Around the time I started my journey of re-discovery in the world of sports cards in fall of 2020, I was talking to my best friend since childhood, Casey, about collecting. He’s been a lifelong collector of a lot of things: comic books, Magic: The Gathering cards, books, toys, video games, movies, and even sports cards for a brief time in our childhood. We often talk about collecting, and our philosophies behind why we collect things. We’re both drawn to things that are a little odd, a little offbeat in some way, and as I was telling him about my rekindled fervor for sports cards, he said something along the lines of “I wish you’d started collecting earlier, I often see Allen & Ginter cards at the store and think about you. I would have probably bought you some for a birthday or something by now.”
Ah yes, Allen & Ginter. The odd, offbeat jewel in the Topps crown. A&G includes baseball players, singers, bloggers, authors, monsters, farm implements, minerals … it’s a set of collecting cards quite unlike any other. Even before I started collecting again, I’d heard about Allen & Ginter, a brand that Topps had resurrected from the earliest days of tobacco cards to create sets featuring chase cards with strands of George Washington’s hair, to recall one memorable insert I’d heard about in past years. But since I’d started collecting again, I’d not explored that set myself.
To be honest, I’m not sure what I was waiting for. Everything I’d read about these sets made me like them more. I watched a video of someone opening a box of the 2020 product, and I was pretty impressed by the variety of cards I was seeing. I decided I would probably buy some of the 2021 set, whenever it comes out, but for reasons unknown, I didn’t push myself to buy any of the 2020 cards.
For Christmas, though, Casey surprised me with an entire hobby box of 2020 Allen & Ginter. An entire hobby box! I was thinking I’d buy myself a booster box or two, but here I was with 24 packs of these crazy cards to open, which I planned to do with Casey over Facebook video chat.

As we were planning our call and I was exploring the logistics of videoing myself opening cards (not as easy as you might first think), Casey made a joke about how he was hoping I’d get a card with R.L. Stine’s shirt on it.
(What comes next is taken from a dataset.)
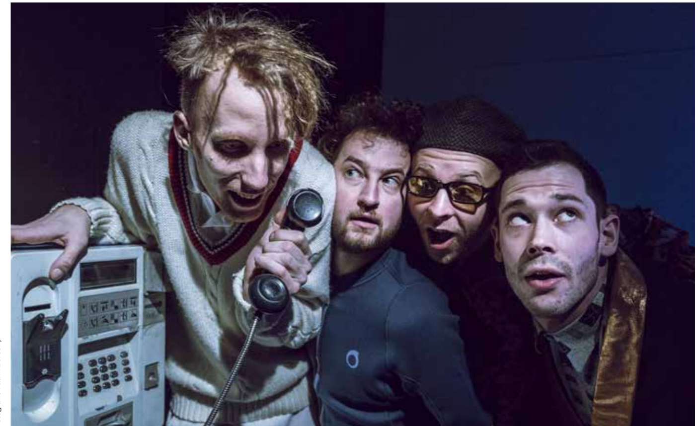
Fotografie Patrik Borecký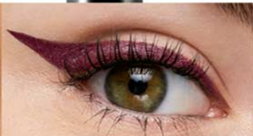
plumón vino actitud Cód. 20696

R.L. Stine is the famous author of the long-running kids’ spooky book series “Goosebumps.” At the time, I just thought he was making up a random card with a random person, and I laughed. The randomness of the people and things portrayed on these cards was something we often laughed about, so it didn’t even occur to me that he was talking about an actual card in the set. “Yeah, maybe I’ll get a piece of the shirt with a mustard stain on it.”
But here’s the thing: not only is there actually an R.L. Stine “relic” card in this set, which Casey must have known, I PULLED IT.

We laughed our asses completely off. I pulled the only specific card either of us mentioned before the cellophane was even off the box. No mustard stain, but there it was. And I also got the base R.L. Stine card, to boot.
Overall, this was a fun, interesting, puzzling, and overall engaging box of cards to open. I don’t normally open boxes all in one sitting, but this held my attention through all 24 packs. Let’s take a look at what I found inside, other than a scrap of an author’s shirt.
Players new and old
The bread and butter of the Allen & Ginter sets is baseball players. Topps is fairly selective about who they choose to depict as far as players in this set, so this isn’t a situation where you’re going to find the Mets’ third-string catcher on a card. There’s a good selection of rookies along with some of the more productive and noteworthy players in the major leagues. I will admit, however, because I haven’t followed baseball as closely the last several years as I did as a kid, there were plenty of players in these packs that made me scratch my head and tell Casey “uhh, I don’t know this guy.”

The design is pretty plain, but it allows the gorgeous paintings of each player to be the highlight of the card. In addition to the top players of today, there’s a healthy lineup of legendary players stretching back to the early days of professional baseball, and forward to players who’ve only recently retired.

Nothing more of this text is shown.